South Boston Online writer Rick Winterson is a member of the Medicine Wheel board.

Back in 1991, the basic aim/goal/mission/philosophy/whatever of Medicine Wheel Productions occurred to Michael Dowling, Medicine Wheel’s founder, artistic director, and artist in his own right. Stated simply, Michael realized the connection between the community and its art. Medicine Wheel’s basic idea is stated in the clause, “Building Community Through Art.”

Well, 2016 equals 1991 plus 25 years. Medicine Wheel Production is celebrating its silver anniversary this year. Big plans and great celebrations will make this a memorable anniversary year. There are a number of events planned, but three stand out in particular. The first is a Medicine Wheel fundraiser called “Turning the Wheel” on Thursday, June 16, as spring comes to an end.  Then, late in August, the “I Have a Dream” observance takes place. On Dec. 1, Medicine Wheel Productions will hold its annual World AIDS Day Remembrance. (Look here for the announcements about these three, as well as the many other Medicine Wheel activities during 2016.) Mark McGonagle, chair of the Medicine Wheel board, has organized a hard-working board of community-spirited people, who are determined to make Medicine Wheel’s 25th year one to remember.

Ralph Waldo Emerson once said, “Any great institution is the lengthened shadow of one man.” That could be said of Michael Dowling and Medicine Wheel Productions.
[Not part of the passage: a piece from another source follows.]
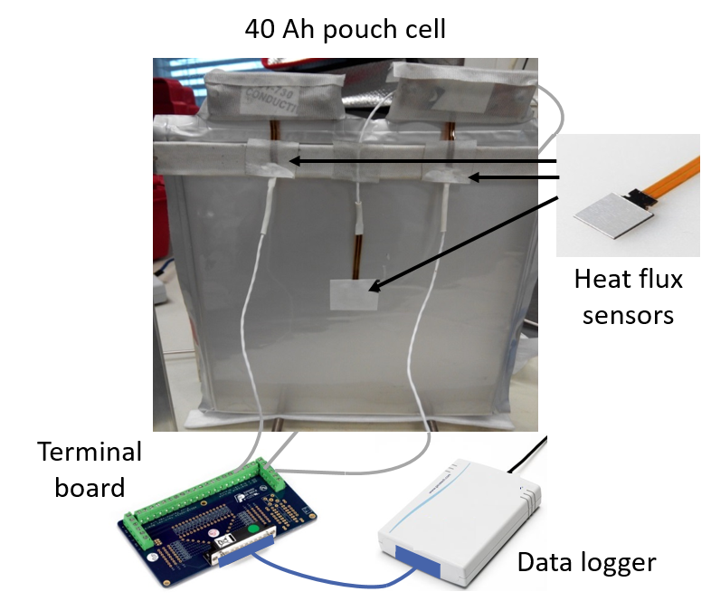 The thermal management of Li-ion batteries is becoming more and more important with increasing energy density because an uncontrollable increase in temperature (so-called thermal runaway) can cause an ignition or even explosion of the cell with a simultaneous release of toxic gases. In order to adapt the thermal management system to the individual needs of the cells, quantitative data of the thermal parameters are needed. It will be shown how heat flux sensors can be used to provide: i) Values for the specific heat capacity; ii) Heat transfer coefficients for the different sides of a cell and; iii) Values for the generated heat. A thermopile based Heat Flux Sensor is composed of tiny, serially connected semiconductor piles sandwiched between two flat surfaces, forming the sensor. Any heat flux passing through the sensor creates a temperature difference due to the Seebeck effect, which produces a voltage difference proportional to the heat passing through the surface. This voltage difference on different areas of a Lithium-ion cell is read out using a data logger, which is attached to a terminal board connecting the wires coming from the sensors (see Fig. 1). Depending on the sensor’s sensitivity, the resulting values are converted into heat flux. A HFS can detect all three possible types of heat transfer: convection, conduction and radiation.

Four hundred years ago, Christopher Wren, the famous British architect, was sarcastically asked, “But where are the monuments built in your honor?” He replied, “If you would see my monuments, just look around you.” Wren was of course referring to the magnificent buildings in London he had designed and built.

Please take a look at the photos accompanying this article. In a small way, they reflect what Michael Dowling has accomplished in and around South Boston. They show current Medicine Wheel events, backed up with years of work by Michael and the folks at Medicine Wheel Productions. Drop in at the Medicine Wheel studio at 110 K St., sometime. Recently, they held a “Hand in Hand” event, where Boston police officers bond with young Medicine Wheel members by casting their hands together in plaster. Look for those hands, an example of “building community through art.”
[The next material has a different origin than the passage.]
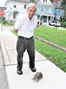 Ray Swick holds Ivan, his pet Russian tortoise. Swick is trying to find a female mate for Ivan and can be reached at burrsman@gmail.com. (Photo by Jess Mancini)

Visit the current exhibition at Medicine Wheel’s Spoke Gallery, entitled “On the Line” by Curator Kathy Bitetti. It brings Dorchester artists to Spoke Gallery, one of the busiest small galleries in South Boston’s burgeoning fine arts scene, another example of “building community through art.”
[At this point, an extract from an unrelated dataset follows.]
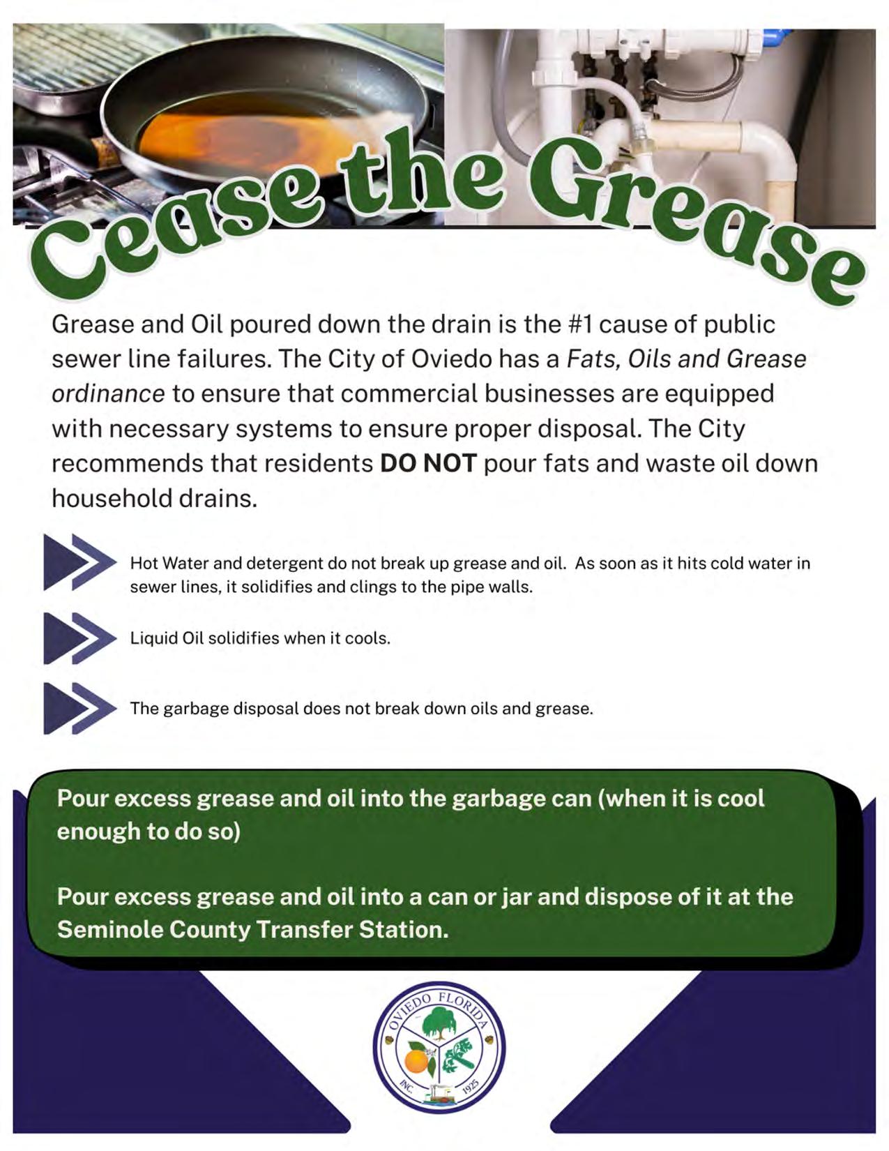 Grease and Oil poured down the drain is the #1 cause of public sewer line failures. The City of Oviedo has a Fats, Oils and Grease ordinance to ensure that commercial businesses are equipped with necessary systems to ensure proper disposal. The City recommends that residents DO NOT pour fats and waste oil down household drains.

Put on your boots and warm coat. Then take a walk up to No Man’s Land behind South Boston’s Excel High School on the east end of Thomas Park, where a gate through to the Dorchester Heights Monument has just been cut. Twenty years ago, Michael and a group of young users began creating a park from the overgrown crescent of ground called “No Man’s Land,” to commemorate the rash of teen suicides in the mid-90s. It’s now a beautiful small park, where the engraved brick road goes ever on – especially when the leaves come out in spring, and is another way the organization is “building community through art.”